• Given data:
* * *

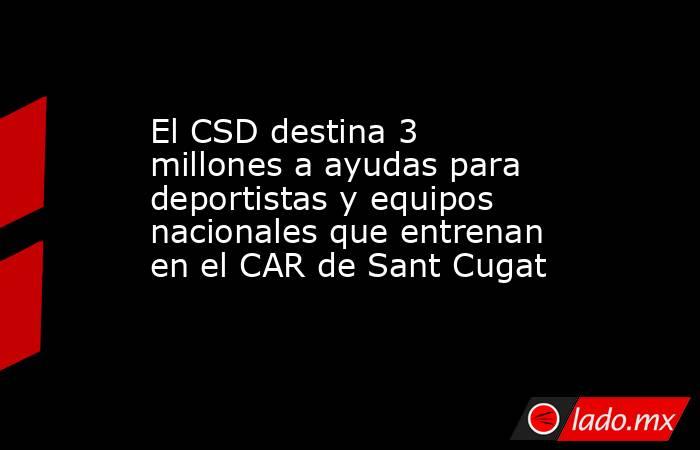 El Consejo Superior de Deportes (CSD) contribuirá con 3 millones de euros a la preparación de los deportistas y equipos nacionales en el Centro de Alto Rendimiento (CAR) de Sant Cugat, a través de una convocatoria de becas y de ayudas para concentraciones, que cubrirá los gastos derivados de su estancia en este complejo deportivo durante la temporada 2026-27.
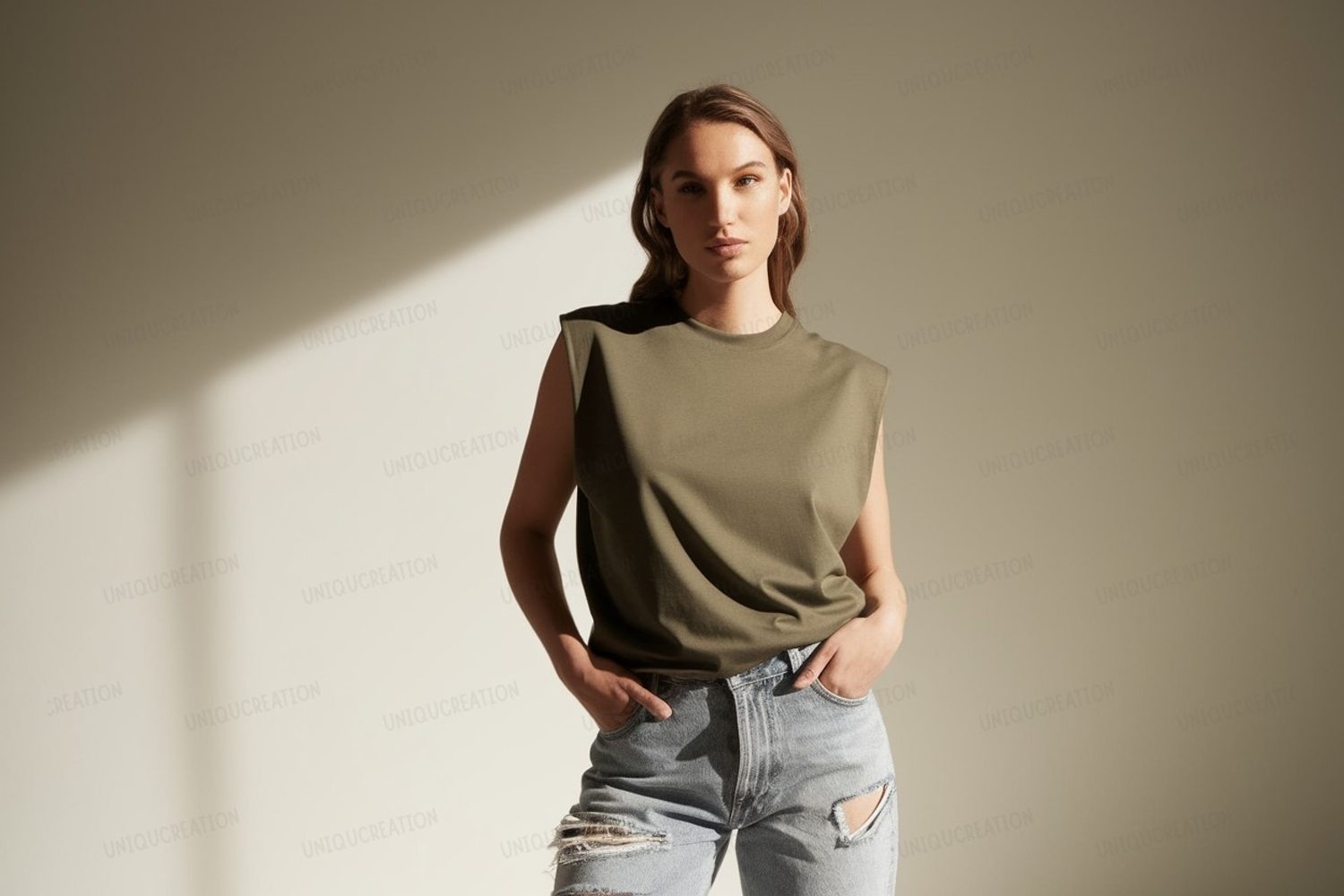 Light Shirt Green Mockup Woman Background Jeans Olive Ripped Sleeveless
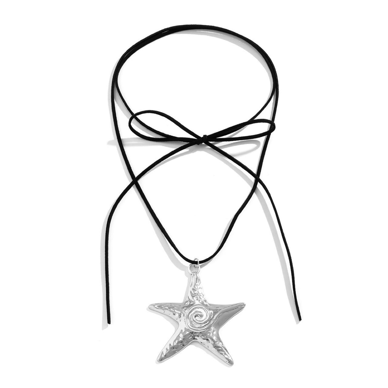 Collar con colgante de estrella de cinco puntas grande, oscuro, fresco y dulce, con personalidad irregular, estilo transfronterizo de Europa y Estados Unidos para mujer.
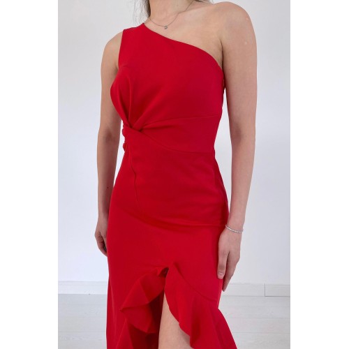 Φόρεμα με έναν ώμο,με ελαστικότητα,maxi βολάν
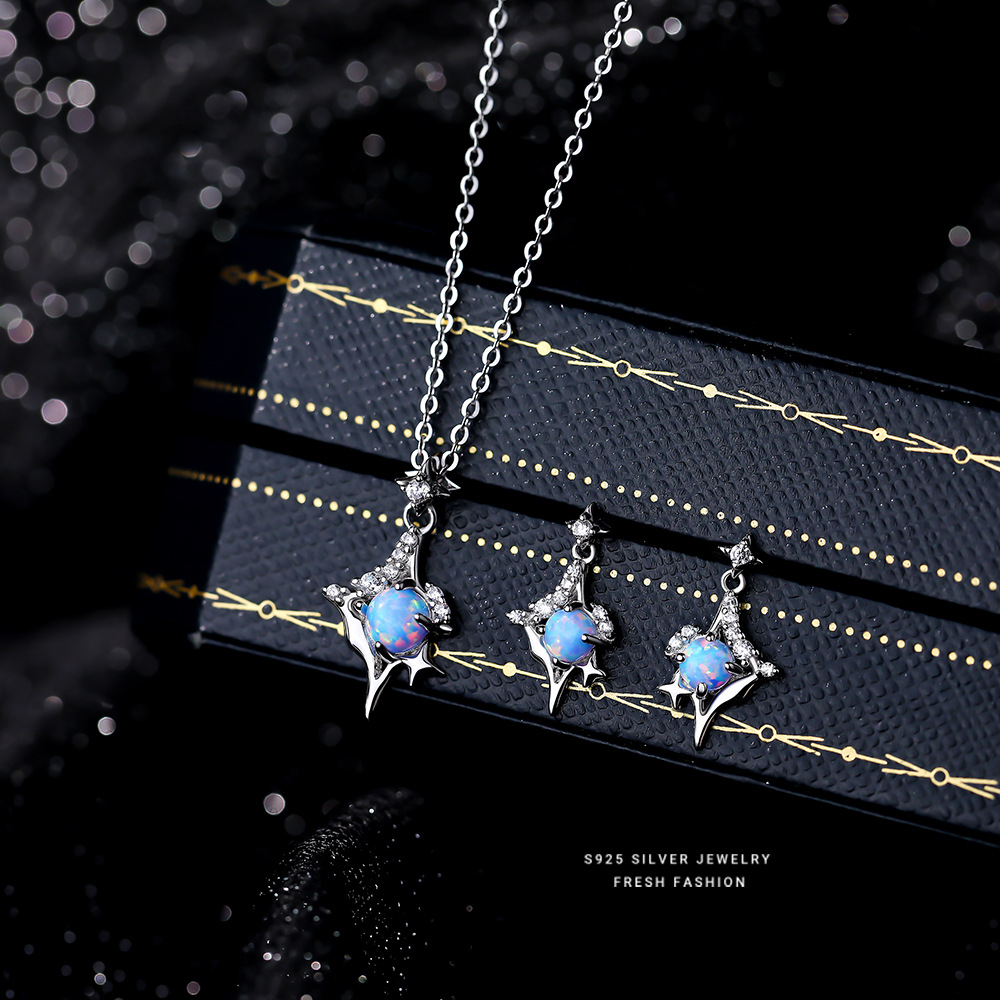 925 sterling silver blue opal Awn star personalized necklace ins niche design sense advanced Star clavicle chain suit
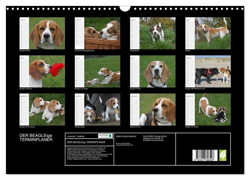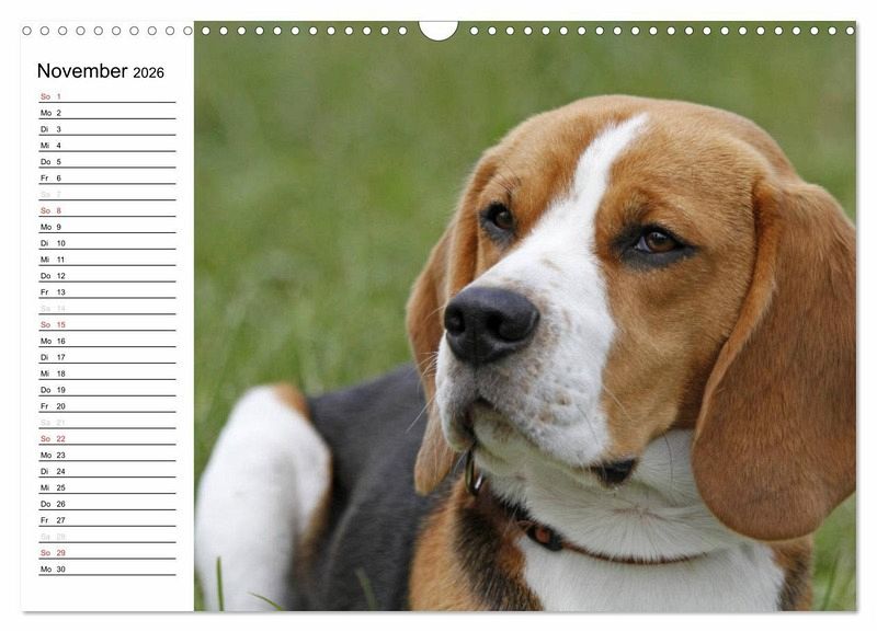 Der Beagle: Der robuste, kleine Kerl mit den rehbraunen Augen und den lustigen Schlappohren zählt seit vielen Jahren zu den beliebtesten Familienhunden. Erfreuen Sie sich Monat für Monat an den zauberhaften Fotos der eigensinnigen, niedlichen Jagdhunde und verpassen Sie ganz nebenbei keinen Termin mehr.
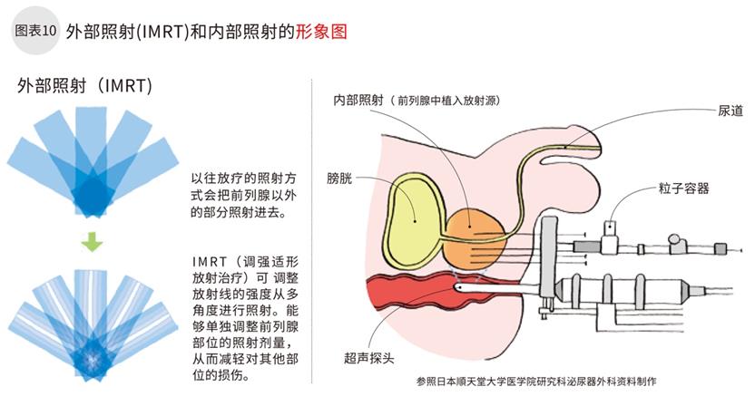 內部照射,是將放射性粒子放入前列腺中,從體內持續發出射線的方法。前列腺組織增大時需要輔助超聲探頭,結合影像向會陰部植入穿刺針,通過穿刺針將粒子容器埋入前列腺中。放射性粒子中密封了低放射物質。副作用與外部照射相同,但相對于外部照射,治療時間短,傷害程度小。粒子為永久性植入,放射量逐漸降低,約1年后射線消失,無長期影響。
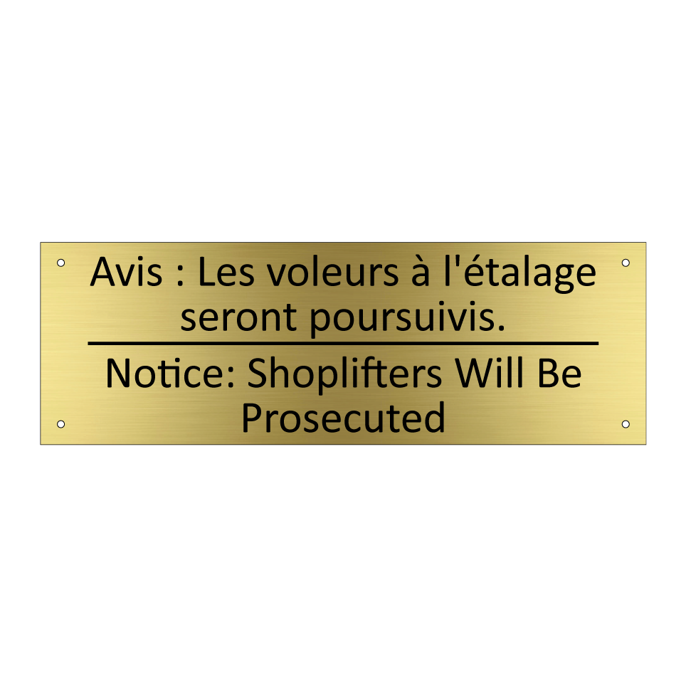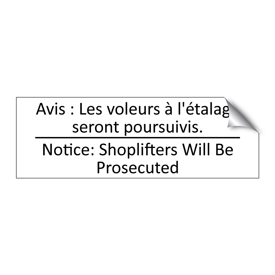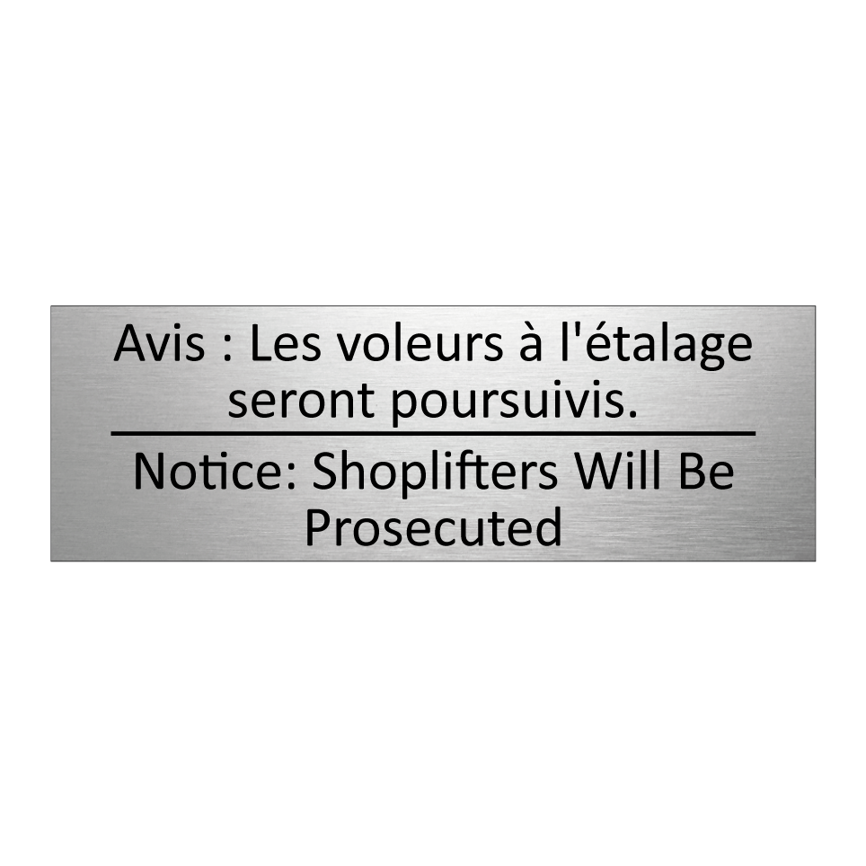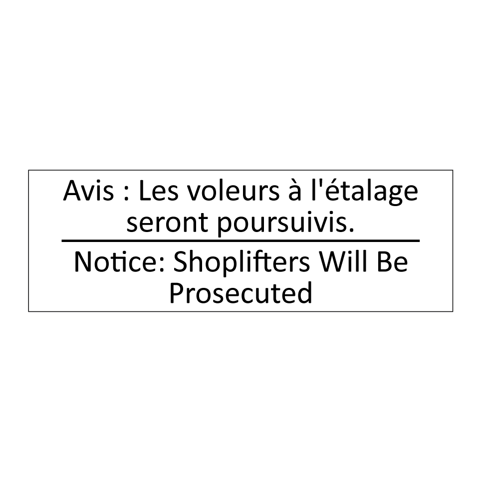 Panneau d'information avec le texte Avis : Les voleurs à l'étalage seront poursuivis.|Notice: Shoplifters Will Be Prosecuted en français et en anglais.

* * *

• Assignment: Please reproduce exactly and only the lines from the first line of the records through the line containing "Der Beagle: Der", both included, omitting any pictures.

• Result below:
 El Consejo Superior de Deportes (CSD) contribuirá con 3 millones de euros a la preparación de los deportistas y equipos nacionales en el Centro de Alto Rendimiento (CAR) de Sant Cugat, a través de una convocatoria de becas y de ayudas para concentraciones, que cubrirá los gastos derivados de su estancia en este complejo deportivo durante la temporada 2026-27.
 Light Shirt Green Mockup Woman Background Jeans Olive Ripped Sleeveless
 Collar con colgante de estrella de cinco puntas grande, oscuro, fresco y dulce, con personalidad irregular, estilo transfronterizo de Europa y Estados Unidos para mujer.
 Φόρεμα με έναν ώμο,με ελαστικότητα,maxi βολάν
 925 sterling silver blue opal Awn star personalized necklace ins niche design sense advanced Star clavicle chain suit
 Der Beagle: Der robuste, kleine Kerl mit den rehbraunen Augen und den lustigen Schlappohren zählt seit vielen Jahren zu den beliebtesten Familienhunden. Erfreuen Sie sich Monat für Monat an den zauberhaften Fotos der eigensinnigen, niedlichen Jagdhunde und verpassen Sie ganz nebenbei keinen Termin mehr.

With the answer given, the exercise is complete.